**WHAT IS BEING ASKED**
Each line below from the "Blusa Cropped Gola" line through the "Zabudnite na nudu." line, those two included, must be restated word for word; the pictures must not be.

**INPUT RECORDS**

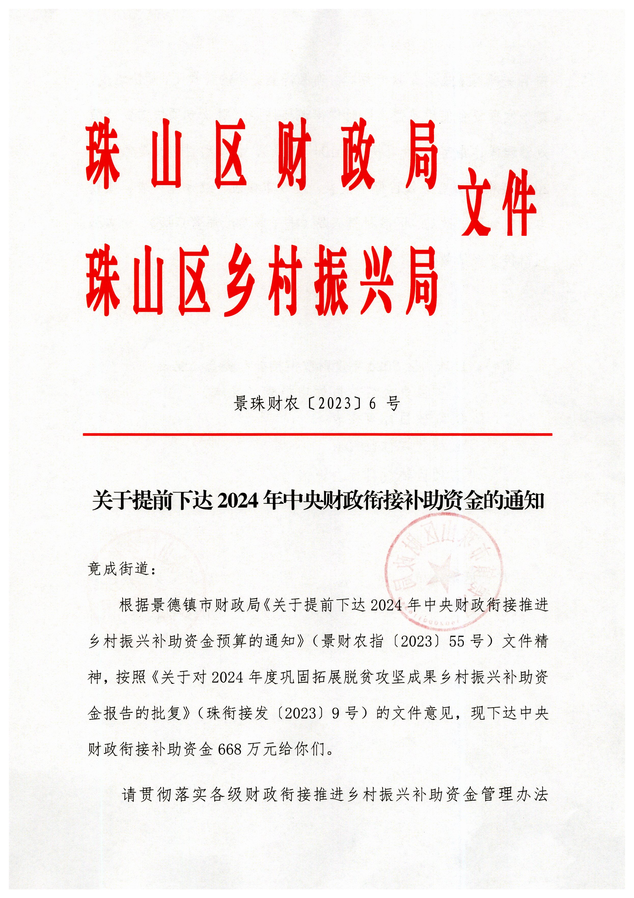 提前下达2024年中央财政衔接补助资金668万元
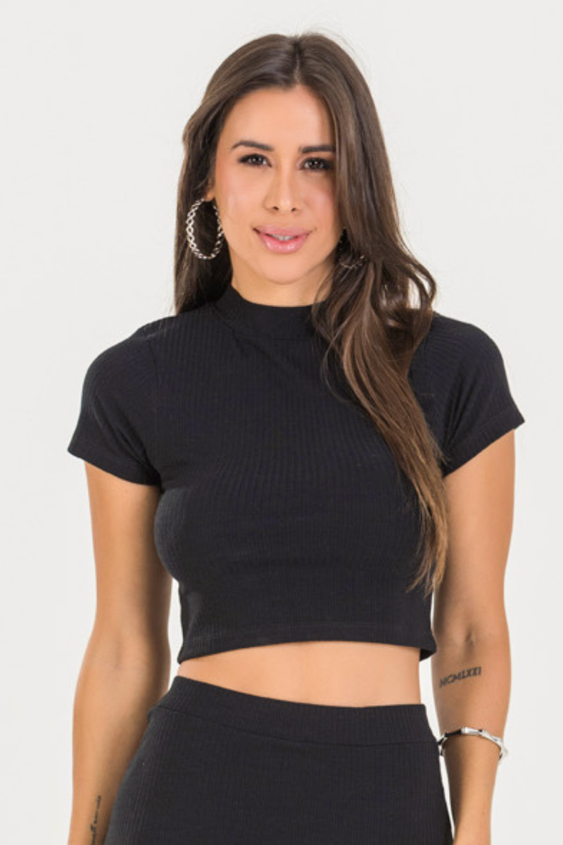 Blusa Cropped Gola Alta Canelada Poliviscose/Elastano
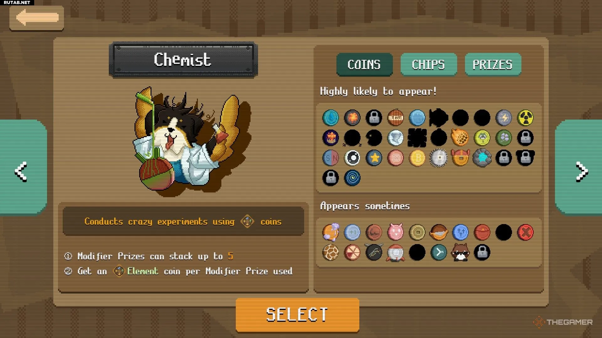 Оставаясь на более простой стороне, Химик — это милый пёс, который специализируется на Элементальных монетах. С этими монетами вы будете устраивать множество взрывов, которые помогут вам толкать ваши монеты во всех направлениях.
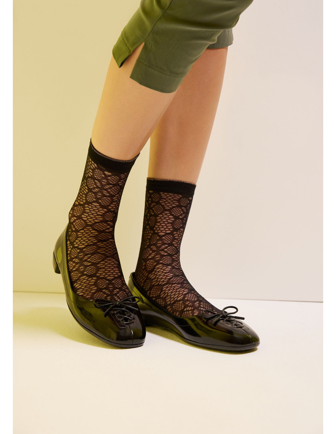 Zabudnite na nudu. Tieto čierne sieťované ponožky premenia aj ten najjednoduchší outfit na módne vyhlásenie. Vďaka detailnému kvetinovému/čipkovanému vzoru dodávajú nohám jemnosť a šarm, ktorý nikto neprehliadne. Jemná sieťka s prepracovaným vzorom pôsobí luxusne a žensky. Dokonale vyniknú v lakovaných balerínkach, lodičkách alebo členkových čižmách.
==
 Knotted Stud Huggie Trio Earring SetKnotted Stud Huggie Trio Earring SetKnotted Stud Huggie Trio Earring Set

**YOUR SOLUTION**
 Blusa Cropped Gola Alta Canelada Poliviscose/Elastano
 Оставаясь на более простой стороне, Химик — это милый пёс, который специализируется на Элементальных монетах. С этими монетами вы будете устраивать множество взрывов, которые помогут вам толкать ваши монеты во всех направлениях.
 Zabudnite na nudu. Tieto čierne sieťované ponožky premenia aj ten najjednoduchší outfit na módne vyhlásenie. Vďaka detailnému kvetinovému/čipkovanému vzoru dodávajú nohám jemnosť a šarm, ktorý nikto neprehliadne. Jemná sieťka s prepracovaným vzorom pôsobí luxusne a žensky. Dokonale vyniknú v lakovaných balerínkach, lodičkách alebo členkových čižmách.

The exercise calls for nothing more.